= Operation Dove (Ireland) =

Aborted 1940 German World War II mission

Operation Dove ("Unternehmen Taube" in German) also sometimes known as Operation Pigeon, was an Abwehr sanctioned mission devised in early 1940. The plan envisioned the transport of IRA Chief of Staff Seán Russell to Ireland, and on the arrival of Frank Ryan in Berlin three days before the launch of the operation, it was also decided to transport him during the operation.

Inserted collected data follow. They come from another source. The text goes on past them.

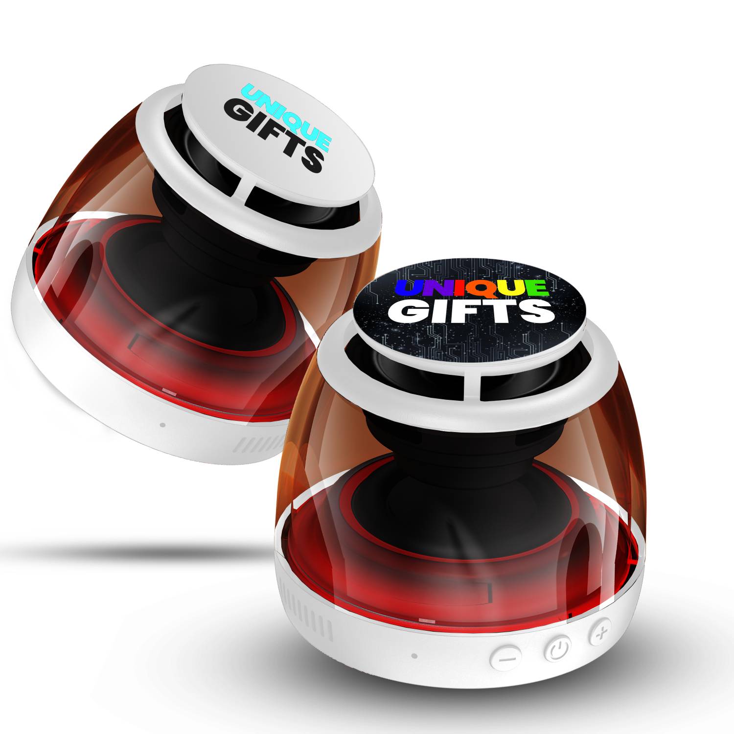 Tento kompaktní přenosný reproduktor s vestavěným zesilovačem a bezdrátovým připojením k telefonu nebo tabletu přináší skvělý zvuk a praktické funkce v jednom. Díky výkonnému 5W širokopásmovému reproduktoru a frekvenčnímu rozsahu 50 Hz – 18 kHz si užijete čistý a vyvážený zvuk při poslechu hudby, podcastů nebo telefonních hovorů (integrovaný mikrofon). Reproduktor podporuje Game Mode, který zajišťuje rychlejší odezvu pro plynulejší zážitek při hraní her nebo sledování videí. S moderním Bluetooth 5.3 nabízí stabilní připojení s dosahem až 10 metrů. MagSafe kompatibilní magnetické uchycení umožňuje snadné připevnění k telefonu, díky čemuž může reproduktor sloužit také jako stojánek pro pohodlné sledování obsahu. Reproduktor je vybaven RGB LED podsvícením, které nabízí různé světelné režimy. Může svítit i jednou konstatní barvou. Díky celoplošnému CMYK potisku lze reproduktor opatřit libovolnou grafikou, logem nebo reklamním motivem. K dispozici je také možnost výroby ve vlastních barvách, což z něj dělá skvělý propagační nebo firemní dárek.
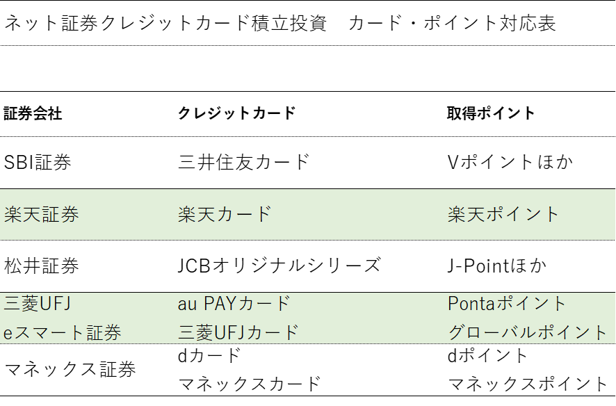 ちなみにクレジットカードとポイントの対応は以下の通りです。
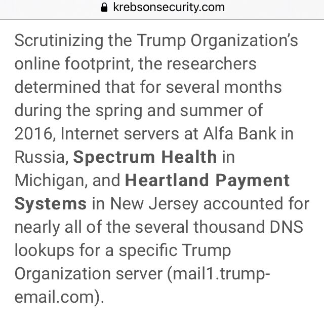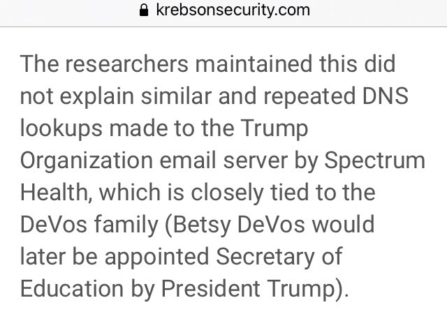 The researchers maintained this did not explain similar and repeated DNS lookups made to the Trump Organization email server by Spectrum Health, which is closely tied to the DeVos family (Betsy DeVos would later be appointed Secretary of Education by President Trump).
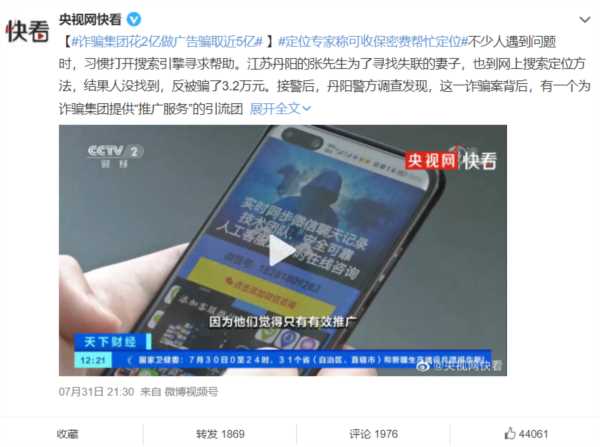 然而,然而,晚上央视财经频道又报道了一个诈骗团伙,由于家属失联被拐卖等家人心急如焚,当他们在某搜索引擎搜索时便被引入了一个诈骗公司。
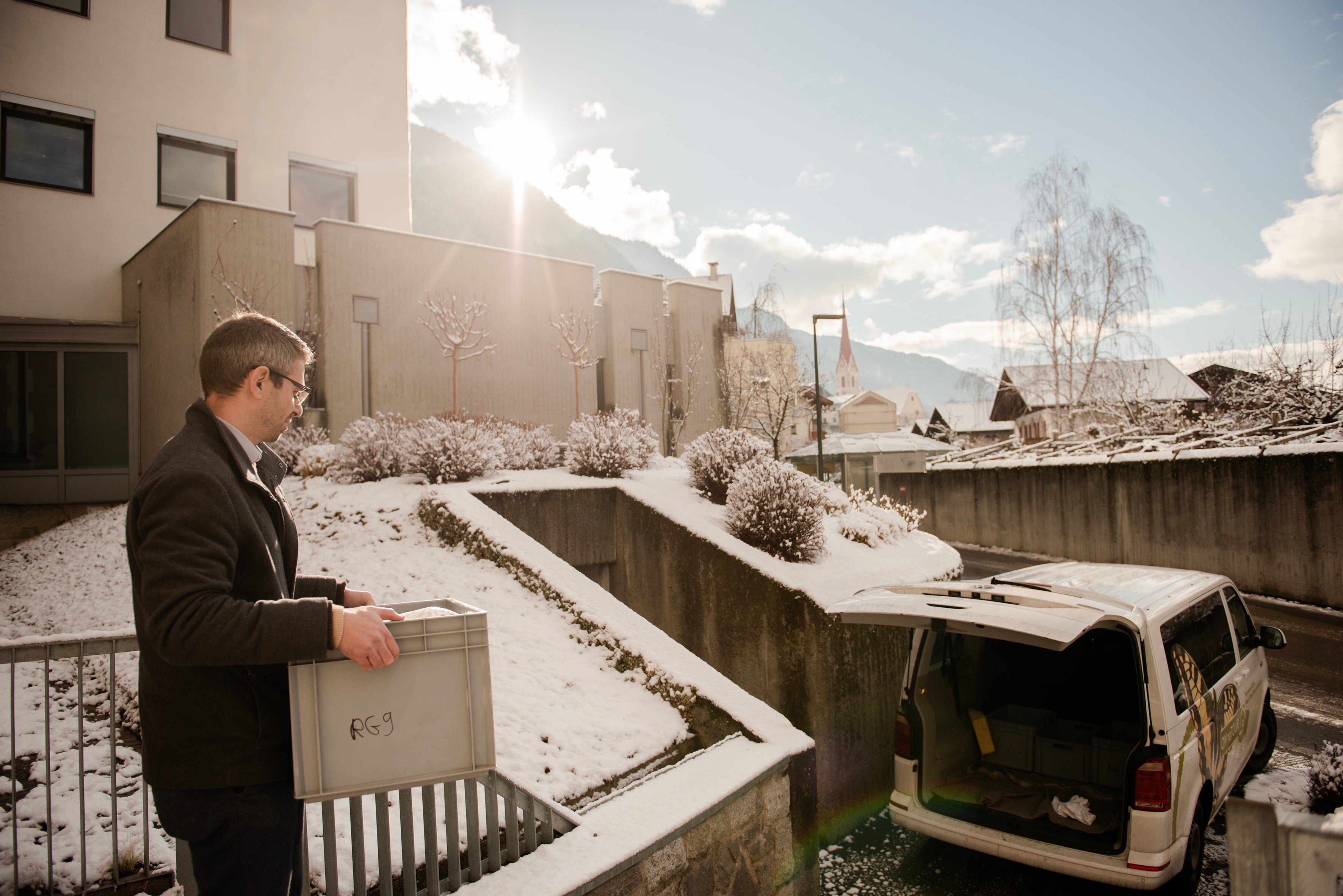 - Naturmuseumsdirektor David Gruber half beim Aufladen in der Forststation St. Leonhard. (Foto: LPA/Claudia Corrent) » [IMG 4 MB]
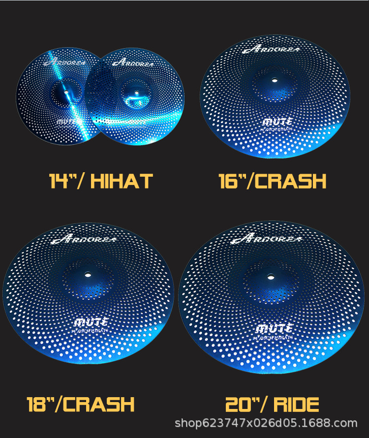 Оптовый производитель кастомных логотипов синих матовых бесшумных музыкальных инструментов набор тарелок из сплава пять предметов комплект ударных пять барабанов
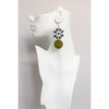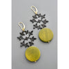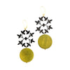 Gold plated brass hooks with black powder coated brass and green painted wood. Each earring weighs .18 oz. and measures 3.5 inches long.  Each piece is unique so stones and glass may vary in shape, size, and color. Stone inclusions may be visible to the eye and are considered a part of their beauty.
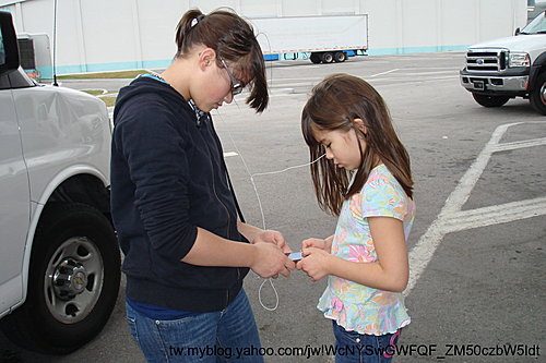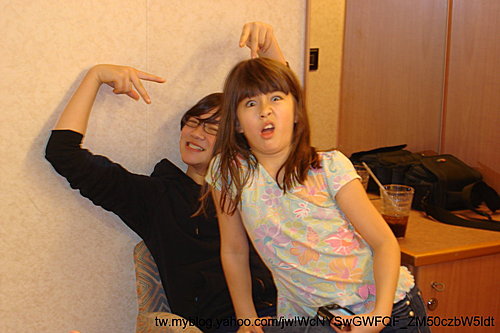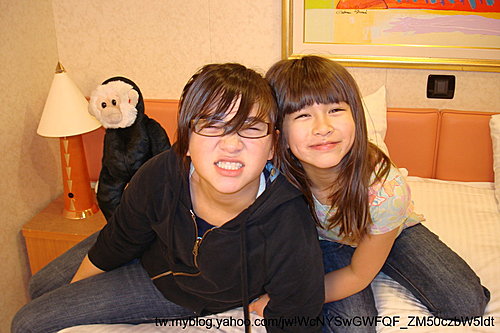 左等右等不見工作人員過來,兩個姐妹倒是"調節成功",不再打架,直接分享IPod上面的電影,看起電影來啦
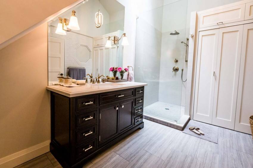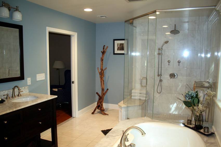 В этом случае довольно глупо в каждом из них устанавливать ванну, даже если кто-то из жителей дома очень любит ее использовать. В этом случае ванну обычно оставляют в ванной, которая чаще всего используется хозяевами дома – она часто имеет вход только с хозяйской спальни.
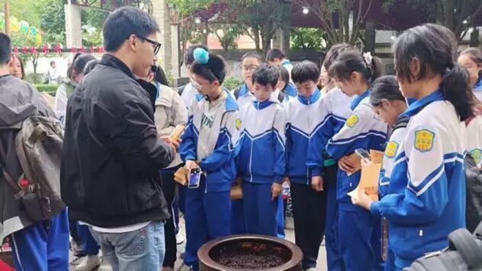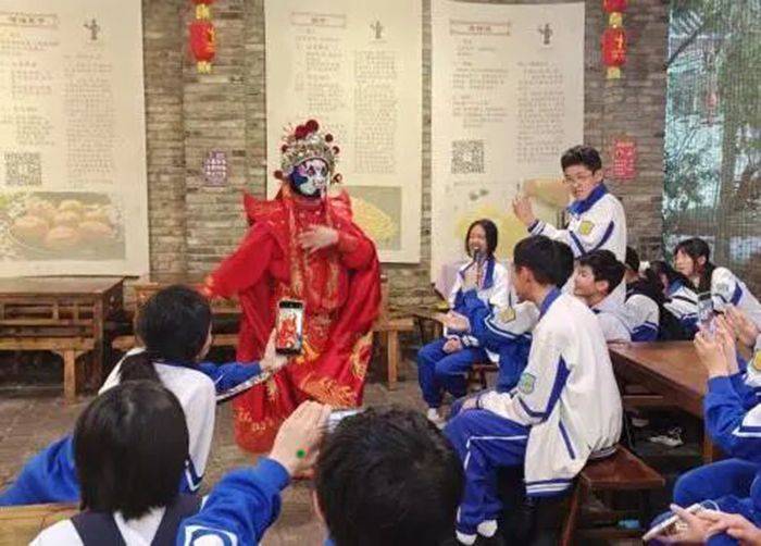 晚饭前的川剧变脸展演将氛围推向高潮,变脸大师灵动的身法、瞬间切换的脸谱,引得同学们阵阵惊呼,近距离的互动教学更让大家亲身感受非遗艺术的神奇。
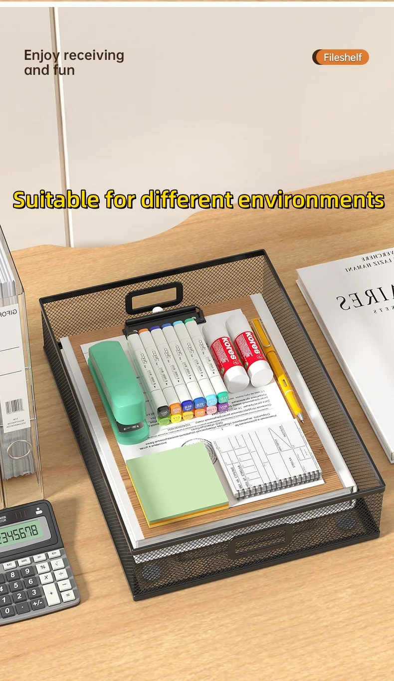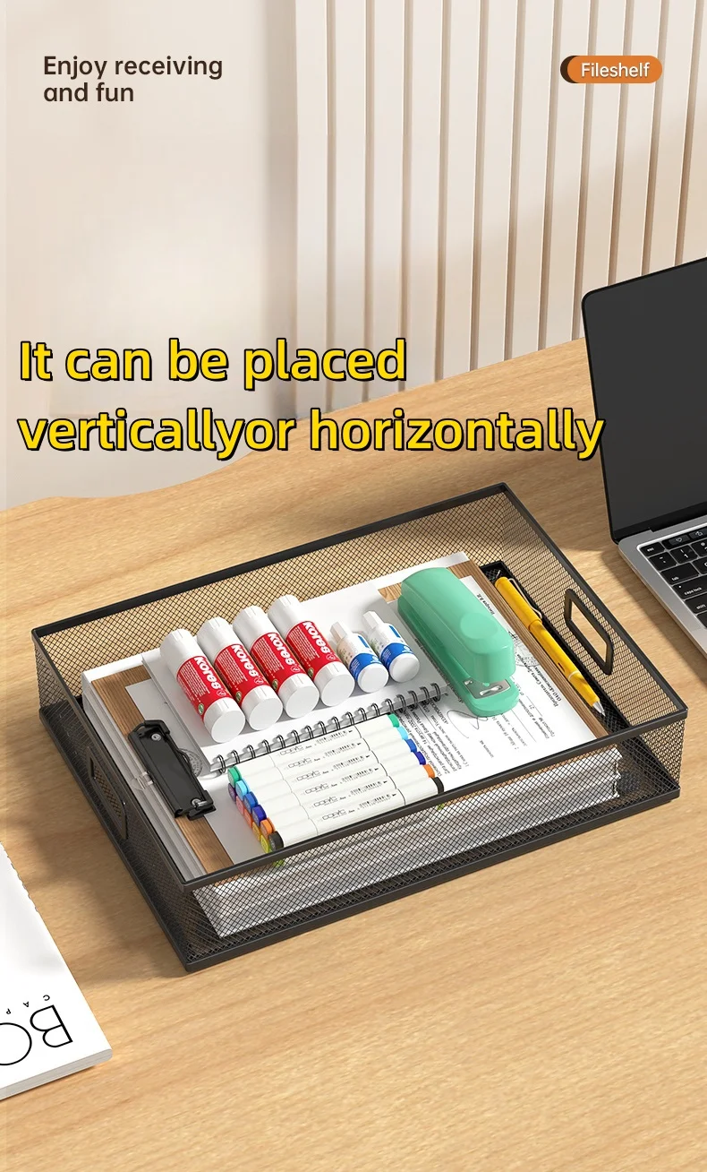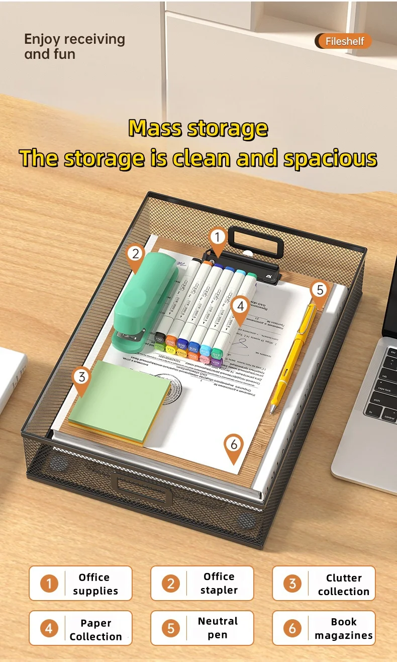 2 Pcs desktop drawer storage tray, metal mesh desktop storage tray with handle, portable large storage basket

==Russell's arrival and activities in Germany==
Seán Russell had arrived in Berlin on 5 May 1940, four days after arriving in Genoa from the United States. Russell was informed of Operation Mainau, the plan to parachute Dr. Hermann Görtz into Ireland. Russell was asked to brief Görtz on Ireland before his departure that night, but missed his takeoff from the Fritzlar airfield near Kassel.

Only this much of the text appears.